Closed fjeremic closed 4 years ago
@smlambert @llxia FYI. I'm more than happy to help with any of the above.
For a particular test failure it is non-obvious to which test bucket the test belongs to
It is in the link i.e. https://ci.eclipse.org/openj9/job/Test-extended.system-JDK8-linux_390-64_cmprssptrs/181/
extended.system
indicates system testing.
but where do I download this build?
You need to look at the parent job(s) of the test failure, find the build job for the platform, and the jvm is an artifact of the job. It is only available for a short time, depending on how many other builds are run, as we have limited space.
I will try to clarify some of the questions.
It is not clear from a failed test what JVM command line options were used Example: https://ci.eclipse.org/openj9/job/Test-extended.system-JDK8-linux_390-64_cmprssptrs/181/
TKG does print info at beginning of the tests with JVM_OPTIONS
:
===============================================
Running test SharedClassesAPI_0 ...
===============================================
SharedClassesAPI_0 Start Time: Thu Jan 31 03:14:37 2019 Epoch Time (ms): 1548922477290
variation: NoOptions
JVM_OPTIONS: -Xcompressedrefs
As a result it is not clear how to add EXTRA_OPTIONS or JVM_OPTIONS to a Grinder
It is documented in: https://github.com/AdoptOpenJDK/openjdk-tests/wiki/How-to-Run-a-Grinder-Build-on-Jenkins https://github.com/eclipse/openj9/blob/master/test/docs/OpenJ9TestUserGuide.md
For a particular test failure it is non-obvious to which test bucket the test belongs to Is it functional? Is it systemtest? Is it some Adopt test? Other than going to the ~4 different repos and searching for the test name is there a better way to know? Need to know this so one can fill in the BUILD_LIST in the Grinder
The information is in the job name. For example, Test-extended.functional-JDK11-linux_x86-64_cmprssptrs means running extended
functional
test using JDK11
on linux_x86-64_cmprssptrs
. For system test, you should see system
in the job name.
From a test failure looking at the java -version output it is not clear where to download the JDK For example I know the SHA numbers and the build date and number too "20190130_208 (JIT enabled, AOT enabled)" but where do I download this build?
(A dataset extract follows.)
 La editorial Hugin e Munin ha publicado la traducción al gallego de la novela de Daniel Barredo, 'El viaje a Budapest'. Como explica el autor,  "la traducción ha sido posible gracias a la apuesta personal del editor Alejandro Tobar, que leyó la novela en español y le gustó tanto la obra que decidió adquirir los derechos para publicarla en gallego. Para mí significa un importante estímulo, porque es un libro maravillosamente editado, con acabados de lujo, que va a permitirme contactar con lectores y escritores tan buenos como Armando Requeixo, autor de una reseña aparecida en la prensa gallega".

In Openj9 Jenkins, we can get parameters from test build https://ci.eclipse.org/openj9/view/Test/job/Test-extended.functional-JDK11-linux_x86-64_cmprssptrs/169/parameters/
It shows UPSTREAM_JOB_NAME
and UPSTREAM_JOB_NUMBER
. We should be able to find the build in Jenkins Build tab. Once we find the exact JDK build, we can Copy Link Address
of the archived JDK.
Or another way to do this https://github.com/eclipse/openj9/issues/3697#issuecomment-439166452
Can see the curl command from the Grinder so I can find the JDK from there but why shouldn't we be able to extract the build ID from java -version somehow? If someone just pasted me the java -version output I would have no idea how to grab that same build, and that is a problem.
The grinder can take JDK from any public url (i.e., AdoptOpenJDK, Artifactory, etc). We may not have enough infromation to determine OpenJ9 build ID.
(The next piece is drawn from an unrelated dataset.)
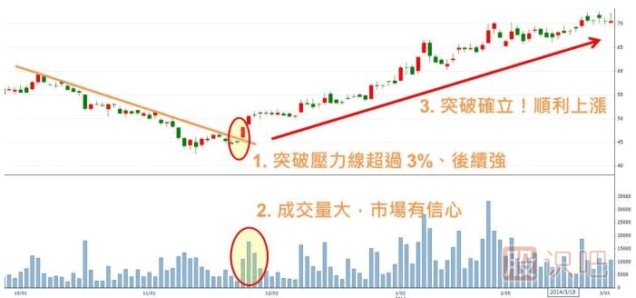 當股價突破或跌破趨勢線時,成交量往往也會放大,

STF tests don't show crash information in the console output Have to dig through the artifacts to find it always which is time consuming
@Mesbah-Alam we may need to update STF to handle this.
Why do we need to export JDK_VERSION when running tests? Should we be able to determine that from $JAVA_BIN/java -version output?
We are working on this https://github.com/eclipse/openj9/issues/442. The idea is we do not need to provide JDK_VERSION, JDK_IMPL and SPEC. All the information can be auto-detected when JAVA_BIN is provided.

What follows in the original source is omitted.